• Directions: Please give all of the data again, character for character, and drop the pictures.

• Information supplied:
Segment Open
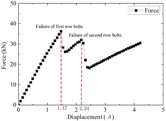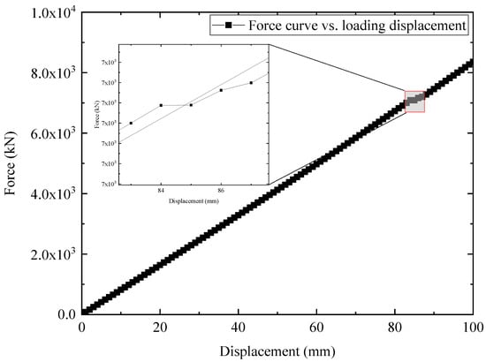 The model was subjected to monotonic loading up to a displacement of 100 mm. Figure 13a shows the corresponding failure contour plot of the reinforced concrete bonding interface when the loading displacement is 60 mm. When the loading displacement reaches 80 mm, the corresponding failure contour plot of the model is shown in Figure 13b. When the loading displacement reaches 100 mm, the corresponding failure contour plot of the reinforced concrete bonding interface is shown in Figure 13c. From Figure 13, it can be seen that when the loading displacement reaches 60 mm, the damage has not yet occurred (Figure 13a), while when the loading displacement reaches 80 mm, some of the ends of the steel bars are cracked (Figure 13b). Finally, when the loading displacement reaches 100 mm, almost all the ends of the steel bars are cracked and extended to a certain depth in the RC slab (Figure 13c). To quantitatively evaluate the relationship between loading and bonding interface failure, the calculated force curve vs. loading displacement is plotted in Figure 14. It can be observed from Figure 14 that the force–displacement curve exhibits typical quasi-brittle failure characteristics. In the initial stage of loading, the force increases linearly with the increase in loading displacement. However, when the loading displacement reaches 84 mm, a platform appears in the force–displacement curve. When the loading displacement is between 84 mm and 86 mm, the displacement continues to increase, but the required force remains unchanged. When the loading displacement is greater than 86 mm, the force continues to increase linearly with the increase in the loading displacement.
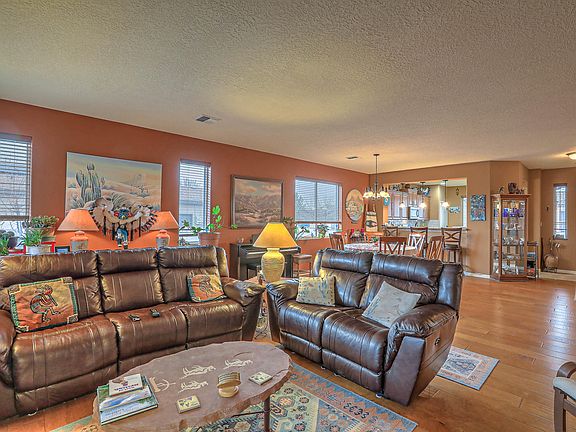 Nestled at the base of El Cerro Mountain, your new home awaits! Premium upgrades include wood floors, larger low-maintenance lot, and the flexibility of a 3rd BR or office. Spacious, bright kitchen inspires with gorgeous granite countertops, warm alder wood cabinets, stainless steel appliances, and plenty of storage in two pantries. New carpet in bedrooms. Grapevines, plum and apple trees, and planting beds abound for your gardening pleasure. Amenities including an 11,000 sf clubhouse with gym, swimming pool, hot tub, pickleball, bocce, observatory, and more ensure that you have plenty of activities in this 55+ active adult community. Access to hiking trails at the neighboring El Cerro Preserve. Easy access to I-25; approximately 20 minutes to nearby Albuquerque and the airport!
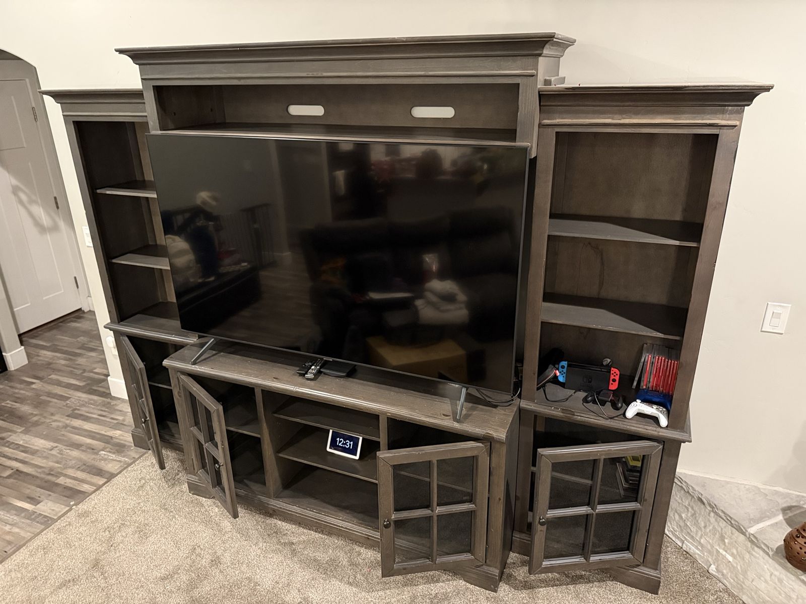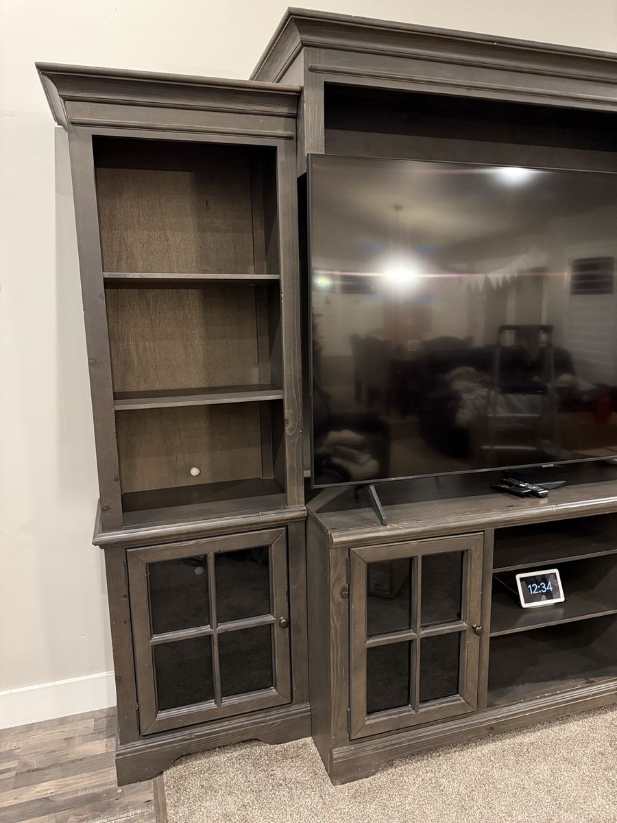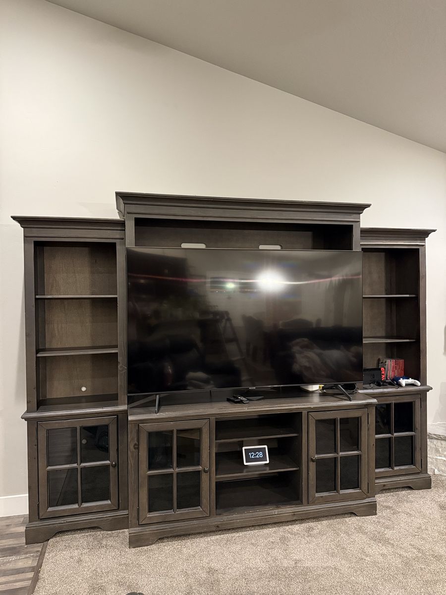 VenmoI am upgrading my front room and ready to let go of this beautiful piece of furniture that I bought from RC Willey 4 years ago. My TV is 75” and it’s too big for this entertainment system. A 65-inch TV is a perfect size for this furniture. I included the measurements in the uploaded photos. Please let me know if you would like to see it in person. Thanks!
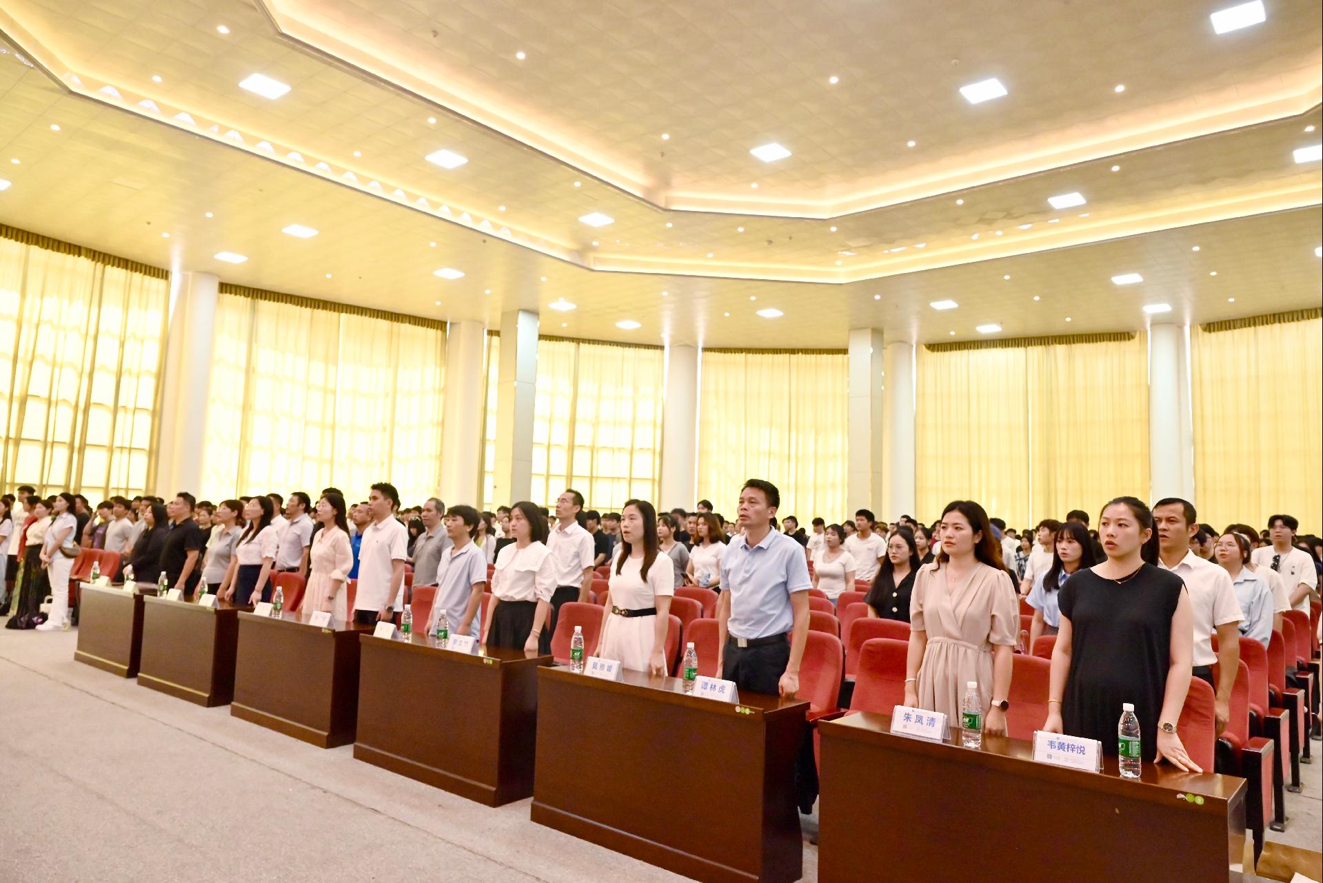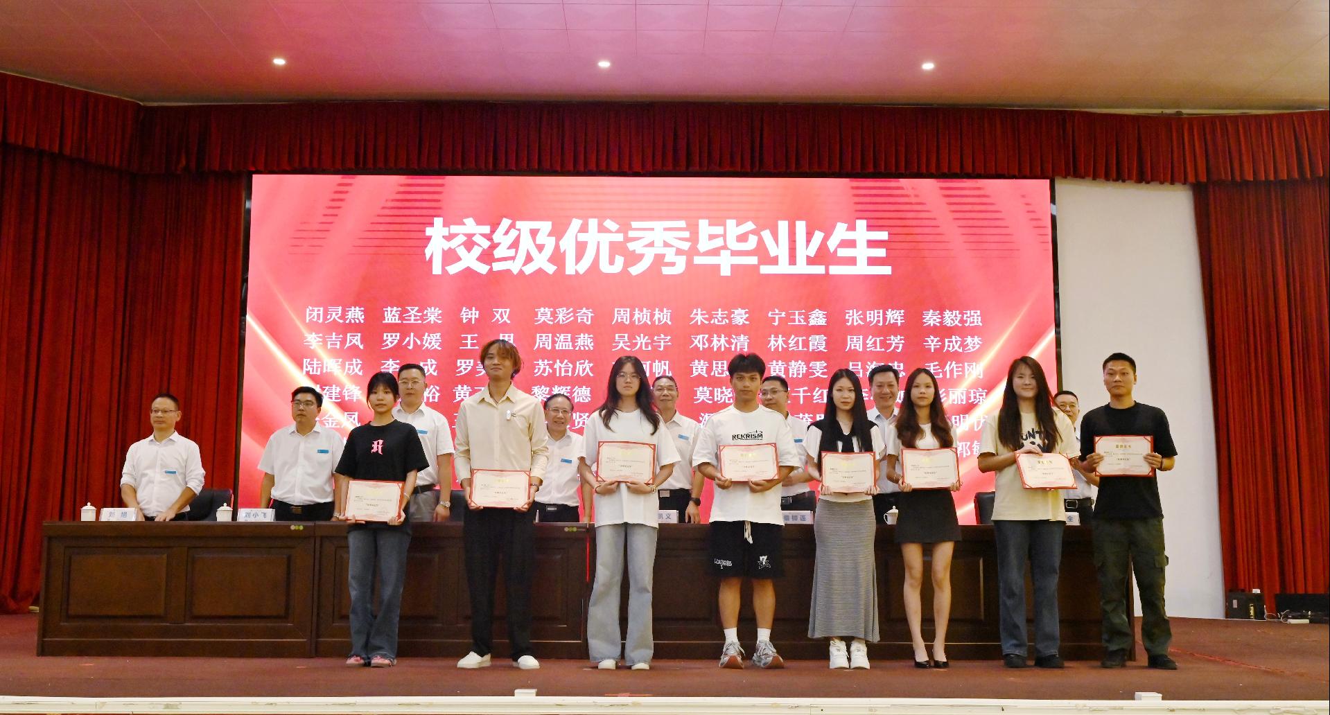 下午15时,毕业典礼暨表彰大会在庄严的国歌声中拉开帷幕。鲁明宣读了学校关于准予2025届毕业生毕业的决定,秦樟连宣读了优秀毕业生表彰决定,刘小飞宣读了2023-2024学年评奖评优表彰决定。
Segment Closed
• Solution to this problem:
 The model was subjected to monotonic loading up to a displacement of 100 mm. Figure 13a shows the corresponding failure contour plot of the reinforced concrete bonding interface when the loading displacement is 60 mm. When the loading displacement reaches 80 mm, the corresponding failure contour plot of the model is shown in Figure 13b. When the loading displacement reaches 100 mm, the corresponding failure contour plot of the reinforced concrete bonding interface is shown in Figure 13c. From Figure 13, it can be seen that when the loading displacement reaches 60 mm, the damage has not yet occurred (Figure 13a), while when the loading displacement reaches 80 mm, some of the ends of the steel bars are cracked (Figure 13b). Finally, when the loading displacement reaches 100 mm, almost all the ends of the steel bars are cracked and extended to a certain depth in the RC slab (Figure 13c). To quantitatively evaluate the relationship between loading and bonding interface failure, the calculated force curve vs. loading displacement is plotted in Figure 14. It can be observed from Figure 14 that the force–displacement curve exhibits typical quasi-brittle failure characteristics. In the initial stage of loading, the force increases linearly with the increase in loading displacement. However, when the loading displacement reaches 84 mm, a platform appears in the force–displacement curve. When the loading displacement is between 84 mm and 86 mm, the displacement continues to increase, but the required force remains unchanged. When the loading displacement is greater than 86 mm, the force continues to increase linearly with the increase in the loading displacement.
 Nestled at the base of El Cerro Mountain, your new home awaits! Premium upgrades include wood floors, larger low-maintenance lot, and the flexibility of a 3rd BR or office. Spacious, bright kitchen inspires with gorgeous granite countertops, warm alder wood cabinets, stainless steel appliances, and plenty of storage in two pantries. New carpet in bedrooms. Grapevines, plum and apple trees, and planting beds abound for your gardening pleasure. Amenities including an 11,000 sf clubhouse with gym, swimming pool, hot tub, pickleball, bocce, observatory, and more ensure that you have plenty of activities in this 55+ active adult community. Access to hiking trails at the neighboring El Cerro Preserve. Easy access to I-25; approximately 20 minutes to nearby Albuquerque and the airport!
 VenmoI am upgrading my front room and ready to let go of this beautiful piece of furniture that I bought from RC Willey 4 years ago. My TV is 75” and it’s too big for this entertainment system. A 65-inch TV is a perfect size for this furniture. I included the measurements in the uploaded photos. Please let me know if you would like to see it in person. Thanks!
 下午15时,毕业典礼暨表彰大会在庄严的国歌声中拉开帷幕。鲁明宣读了学校关于准予2025届毕业生毕业的决定,秦樟连宣读了优秀毕业生表彰决定,刘小飞宣读了2023-2024学年评奖评优表彰决定。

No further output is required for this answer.